Bueno después de un tiempo pensando en hacer esto y en cómo hacerlo he decidido que lo voy a hacer según me salga y desde el corazón y que sea lo que Dios quiera.
Hoy me gustaría hablarles de mi equipo, el de verdad, el que está por encima incluso del Barça en mi corazón. Un equipo al que llevo desde hace 4 años en 3 categorías (pre-benjamín, benjamín y alevín) y que este año me ha hecho sentirme orgulloso. Es el equipo de fútbol del Colegio El Pinillo donde, por primera vez, hemos ganado la liga local sin trampa ni cartón (esto lo recalco muy recalcadamente porque luego hay quien se queja) en categoría prebenjamín.
La verdad es que no me lo esperaba. Los pilares del equipo el año pasado (fueron terceros)subieron de categoría y me quedé con un puñado de niños de primer año y cinco de segundo. Uno en particular me generaba muchas dudas y había incluso días que cierta impotencia porque era muy bueno en los entrenamientos y flojo en los partidos. Tanto es así que acabó el año pasado con 1 gol en 7 partidos. Este año nada más empezar me acuerdo que le dije que el gol era responsabilidad suya, así medio en broma. Se lo ha tomado al pie de la letra. 38 goles en 10 partidos, 5 de ellos en la final, lo colocan como mejor jugador de la categoría. Es una pasada. Regates con las dos piernas, cambios de ritmos, fintas con el cuerpo, va bien de cabeza, es grande y rápido...y tiene 8 años. Miguel Ángel Dorado, alias el Kun. Colchonero de pro como su padre.

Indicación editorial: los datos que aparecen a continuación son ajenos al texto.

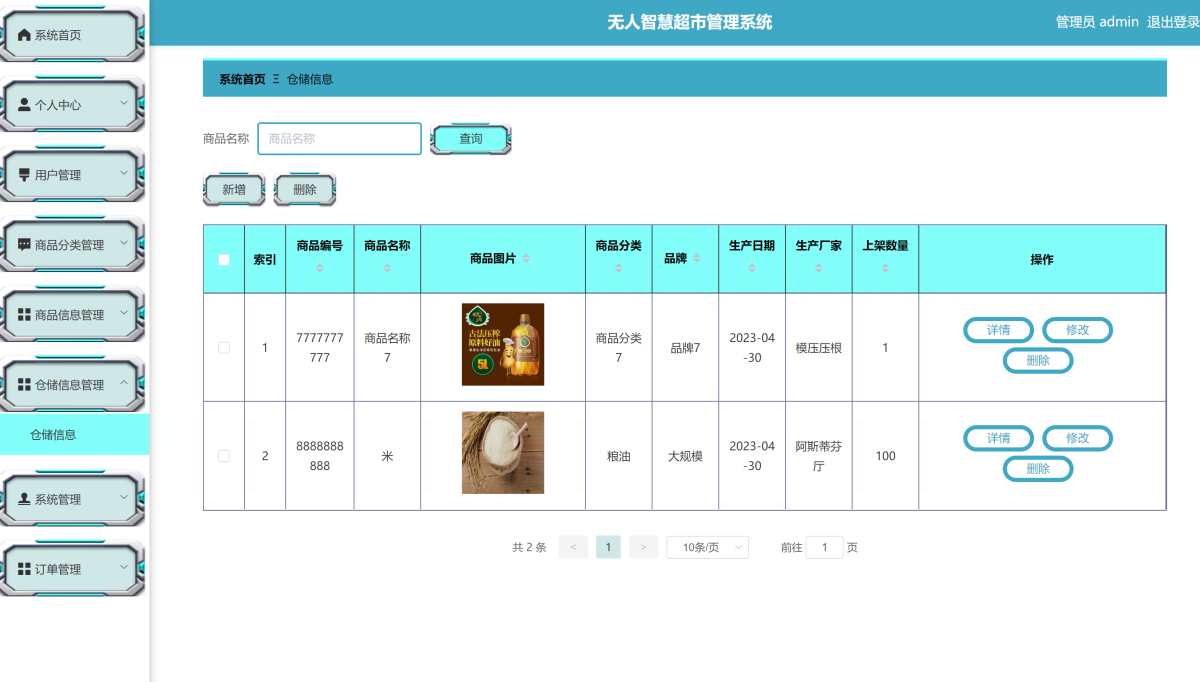 仓储信息管理:管理员可以管理仓储信息,包括货架位置、库存情况等。

Pero no ha sido el único. De hecho estuvo en la única derrota del año por 4-3 en el Palma de Mallorca, con los que jugamos un duro partido de vuelta y la final. Fue fallo mío por ir confiados después de 3 goleadas seguidas y ni si quiera poner a los titulares de inicio. Luego ganamos 3-2 en casa jugándonos el liderato.
Nos volvimos a encontrar en la final. El partido iba 1-1 hasta que el Kun lo rompió. 5 goles para un 6-1 final y título en el bolsillo. Y la alegría general. Sobre todo de los que se tiraron casi todo el partido jugando que no podían más. Eso sí, jugaron todos. Y los padres contentísimos también. Y es de destacar el comportamiento suyo durante todo el año, animando sin protestar que en estas categorías hay mucho padre que ya se ve representante del nuevo Messi y no suele ser así.

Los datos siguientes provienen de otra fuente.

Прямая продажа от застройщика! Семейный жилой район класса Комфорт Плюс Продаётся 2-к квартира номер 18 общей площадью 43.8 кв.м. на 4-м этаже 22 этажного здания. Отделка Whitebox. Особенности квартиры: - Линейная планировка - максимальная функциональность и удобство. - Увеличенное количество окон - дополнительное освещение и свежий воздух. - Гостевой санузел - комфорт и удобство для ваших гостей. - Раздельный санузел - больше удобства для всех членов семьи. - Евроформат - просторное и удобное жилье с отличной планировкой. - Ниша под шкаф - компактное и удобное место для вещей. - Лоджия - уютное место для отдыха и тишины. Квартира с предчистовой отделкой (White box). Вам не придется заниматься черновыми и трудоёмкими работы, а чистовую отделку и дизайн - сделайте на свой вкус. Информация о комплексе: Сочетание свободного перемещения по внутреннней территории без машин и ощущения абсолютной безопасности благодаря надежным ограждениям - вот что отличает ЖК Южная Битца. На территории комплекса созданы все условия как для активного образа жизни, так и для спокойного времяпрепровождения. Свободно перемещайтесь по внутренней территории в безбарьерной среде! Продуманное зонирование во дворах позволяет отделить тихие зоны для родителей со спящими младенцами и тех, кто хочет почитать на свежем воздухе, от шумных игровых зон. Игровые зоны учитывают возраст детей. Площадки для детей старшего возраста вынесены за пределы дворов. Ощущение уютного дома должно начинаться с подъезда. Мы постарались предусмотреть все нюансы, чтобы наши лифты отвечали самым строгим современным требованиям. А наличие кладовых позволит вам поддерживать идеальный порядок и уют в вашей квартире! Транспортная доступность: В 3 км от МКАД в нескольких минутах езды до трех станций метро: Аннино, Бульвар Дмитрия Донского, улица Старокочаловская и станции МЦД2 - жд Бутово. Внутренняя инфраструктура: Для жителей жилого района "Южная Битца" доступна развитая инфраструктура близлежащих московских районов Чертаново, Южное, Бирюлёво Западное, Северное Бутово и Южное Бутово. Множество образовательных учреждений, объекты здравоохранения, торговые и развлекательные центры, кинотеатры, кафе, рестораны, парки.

Gracias a la inteligencia de Alejandro, a la alegría de Iván y Mario, a la energía de David, a la fuerza de José Luis, a la picardía de Manu, a la potencia de Oscar, a las ganas de aprender de Gonzalo, al ímpetu de Mohammed, a la entrega de Ernesto, a la tranquilidad de Sergio y a la calidad y humildad del Kun. Gracias a todos por este año. Espero que se hayan divertido tanto como yo. Y la cosa no cambia mucho de un año para otro. Me encanta estar con los chavales porque me siento uno de ellos. Y muchas veces peor.